Araku Coffee: The coffee grown by Adivasi farmers in the eponymous Araku valley in north-eastern Andhra Pradesh achieved global acclaim when it was first sold in. The social enterprise set up by developmental economist Manoj Kumar runs under the aegis of Naandi Foundation. In Araku, tribals grow coffee under the canopy of a rainforest in an organic manner, which infuses it with the sublime flavour and zero hint of acidity due to the iron-rich soil and its unique temperature — warm days and cool nights.
Vnya: Vnya’s founder Supriya Sarin treks through remote mountains, forages through farms, and sources organically grown small-batch produce to sell through her retail stores in Mumbai and Goa. She works with over 4,000 farmers from remote areas, particularly Uttarakhand, and handpicks their products based on ethical farming principles and cruelty-free processes. Think rice and lentils from Uttarakhand, spices from across the land, pepper from Kerala, jakhar (a kind of mustard seeds) from Uttarakhand, homemade ghee, ethically sourced honey, and many more.
Eleftheria Cheese: In November 2021, the seven-year-old fromagerie founded by Mausam Jotwani, was voted among the world’s best at World Cheese Awards. The won for its innovative cheese, Burnost, a Norwegian-style, whey cheese with a deep, caramel brown colour and umami flavours. Narang, an amateur cheesemaker who launched her brand in 2014 at a farmer’s market in Mumbai, has trained with cheesemakers in Italy and turned her experiments into artisanal cheese varieties.

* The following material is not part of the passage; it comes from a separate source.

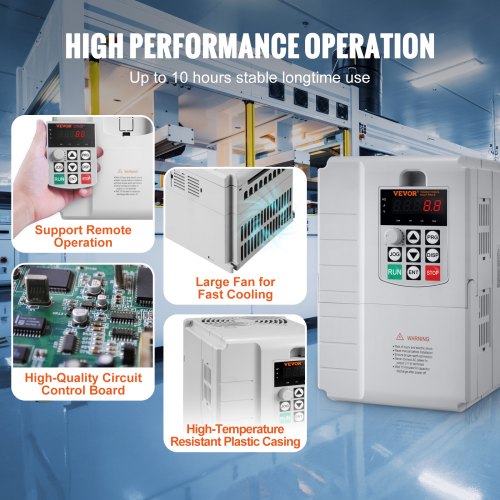 VEVOR VFD 7.5KW, 34A, 10HP Variable Frequency Drive for 3-Phase Motor Speed Control7.5KW, 10HP Variable Frequency DriveUser-Friendly OperationBuilt-in 10-Level Protection SystemEfficient Cooling with Low NoiseDetachable Panel DesignVersatile ApplicationsInput Frequency: 50/60Hz,Operating Temperature: 50°F-104°F / 10°C-40°C,Horsepower: 10HP,Item Model Number: AT1-7500X,Input Voltage: AC 220-240V Single Phase,Current: 34A,Output Voltage: AC 220-240V Three Phase,Net Weight: 7.7 lbs / 3.5 kg ± 3%,Power: 7.5KW,Output Frequency: 0-400Hz

Paul and Mike: India’s first chocolate brand to bag silver at International Chocolate Awards 2021 is named after two farmers in Latin America, the continent from which cacao for the chocolate was first sourced. Vikas Temani, who wanted to do for chocolates what Sula did for wine, has established an artisanal chocolate brand with a presence in 28 cities. With its unique packaging (each chocolate pack educates and entertains) and its flavour experimentations, Paul & Mike is what you would turn to for your fix of chocolate that’s good and innately Indian.
Paul and Mike 64% Dark Sichuan Pepper
Kashmir Rare: In a world ruled by Instagram and defined by Covid, here is one brand that was born on Instagram right in midst of the pandemic. The homegrown gourmet brand by Manjot Chawla sources the purest of products from Srinagar Valley. There is saffron, organically grown almonds and walnuts, and dried apricots from Ladakh as a basic basket. To the basket, the brand adds seasonal produce: chocolate bark with almonds and walnuts, as well as a batch of dried vegetables such as sundried tomatoes, aubergine, bottle gourd, and mushrooms in winters.
Studio Coppre: The Pune-based brand employs Tambat artisans, who once made weapons for the Marathas, to create copper home décor, and utility items, as well as dinnerware. The World Craft Council-awarded Studio Coppre’s patterns have revitalised Tambat copperware, making it relevant for contemporary homes. The brand has sold in Frankfurt and New York through exhibitions, and at design weeks in Milan, London, and Dubai.